Pier Carlo: Why do you think artists might be best positioned to be leaders in their communities in a way that they’re not doing currently?
Carlton: This is the easiest question in the world! I think, one, no matter what we’ve been told, all of us are creative. Every human born has the ability to create. It’s such a wonderful gift, right? Artists are the ones who made it to adulthood — and not all artists are adult, but I’m just using this as a ... just hang with the picture for a sec — artists are the ones who made it to adulthood refusing to believe everyone that told them that they were not creative, and they continue to hold on to whatever that is inside of us that helps us to create, that helps us to build and imagine.
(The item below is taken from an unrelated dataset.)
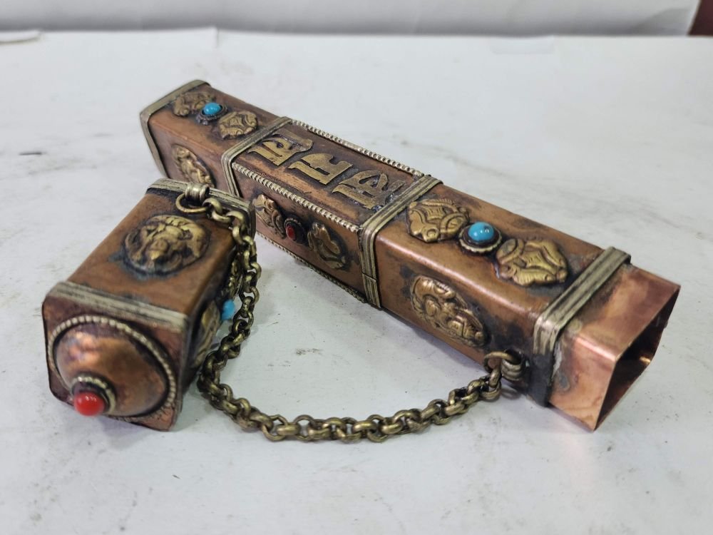 Nepali metal incense holders come in various shapes and sizes. Some common designs include cylindrical containers with lids, lotus-shaped holders, or intricate carved boxes. These holders are specifically designed to hold incense sticks, keeping them secure and providing a stable base for burning.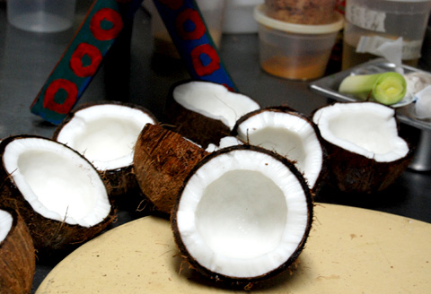 While researching coconut foods, I was invited by Amy Besa, co-owner of Filipino restaurant, Cendrillon, to learn how to make fresh-squeezed coconut milk.

They never lost it, and they’ve honed the ability to tap into that source any time they need to manifest something that doesn’t already exist.
That’s why artists are essential to building a new world, because everybody else, most of the other people are fixed in doing it the way that it’s been done. It’s like, “We only know how to do it like this because that’s the only way we’ve ever been shown.” Artists are like, “Well, you can do it like this, but you can also do it like this. You can do it like that too. Maybe over here you can do it like this.” People are uncomfortable with change — that’s just first and foremost — but I think people are also uncomfortable with having a lot of options and a lot of ideas. And so we have to make idea generation and the refining of ideas through collective community critique part of our collective critical analysis.
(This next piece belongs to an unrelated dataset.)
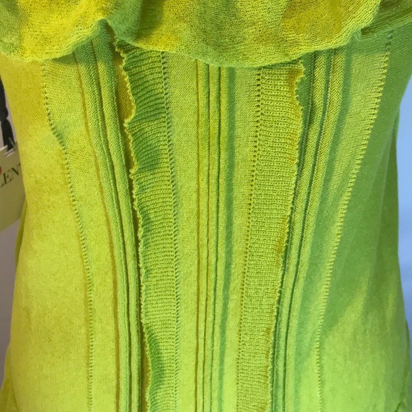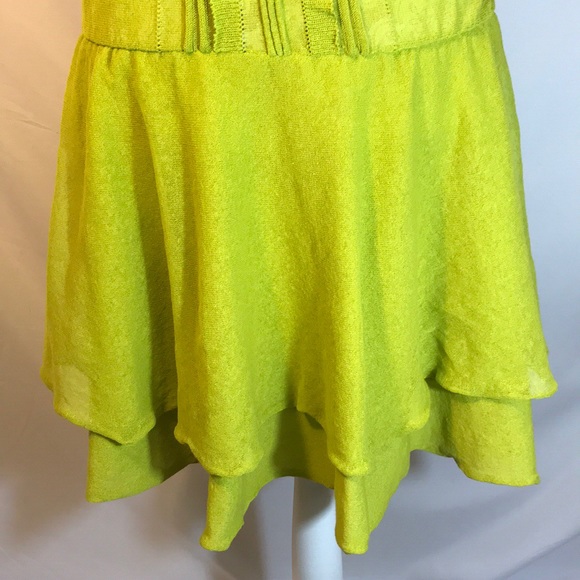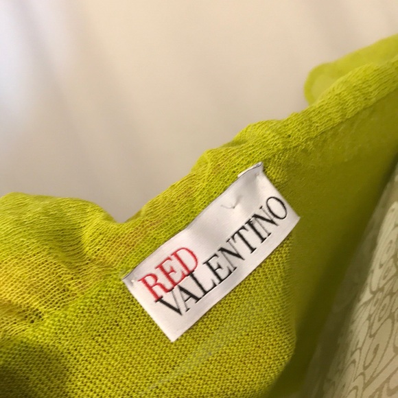 Valentino Red, Cotten blend, loose knit (almost gauze-like) drop waist sundress. Two-tiered ruffle skirt, tank straps and off-the-shoulder ruffle strap/neck line detail. This is a dark lime 🍈 colour, almost 🥑 . It’s great for warm weather & fab for festivals! It also works as a layer, with leggings and/or a body suit. Hand washable. Size Medium, fits like a 6, but would also work on a 4.

That’s what’s going to build the cities of tomorrow and the cities that we need today. That’s different from the way that I think most leaders approach community development and city management, which is from operating those spaces as businesses or corporations. Artists tend to look at these as landscapes and built environments that are still in need of refinement and design and input from a collective. Creativity is essential to the development of the 21st century society, and artists are most prone to do that because of the way that we can access creativity.